Knute Nelson, for appellant.

A. A Miller, for respondent.

OPINION

Mitchell, J.

In an action to set aside a conveyance executed in fraud of creditors, the plaintiff must, in his complaint, state facts showing that he occupies a status entitling him to assail the conveyance on the ground of the fraud; that he himself is a creditor, or that he occupies a representative capacity which gives him the right, in behalf of creditors to assail it. None but creditors, or those whom the law recognizes as their representatives, can assail such conveyances. The grantor himself cannot do it. Neither could his heirs, assigns, or personal representatives do so, being considered as merely standing in his shoes.
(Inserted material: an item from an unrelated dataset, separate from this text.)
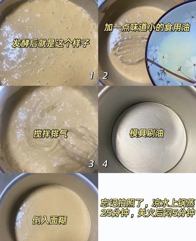 看到面糊涨到两倍大 , 表面冒出密密麻麻的小气泡 , 就差不多了。

But by statute the executor or administrator of an insolvent estate, the assignee of an insolvent debtor under a general assignment for the benefit of creditors, or the assignee or receiver of the property of such a debtor under the "insolvent law," and a receiver appointed in proceedings supplementary to execution are authorized to maintain such actions; they being considered, for such purpose, the representatives of the creditors prosecuting the action in their behalf. But they must allege the facts giving them this right. In the present case the only allegation in the complaint, in that regard, is that the plaintiff was, "by order of this court made and now on file in the office of the clerk thereof, appointed receiver of all the property of every kind belonging to Fred Buse," the grantor in the conveyance assailed. But the word "receiver" is a very general term. There are a great many kinds of receivers, appointed in a great variety of suits and special proceedings, for many different purposes, and clothed with very different powers. Prima facie, and as a general rule, a receiver succeeds to and is vested with only the rights and property of the person over whose estate, or some part thereof, he is appointed, and does not hold or acquire the right to maintain an action to set aside a conveyance made by the person over whose estate he has been appointed which the grantor himself could not have maintained. If he is a receiver of such a kind...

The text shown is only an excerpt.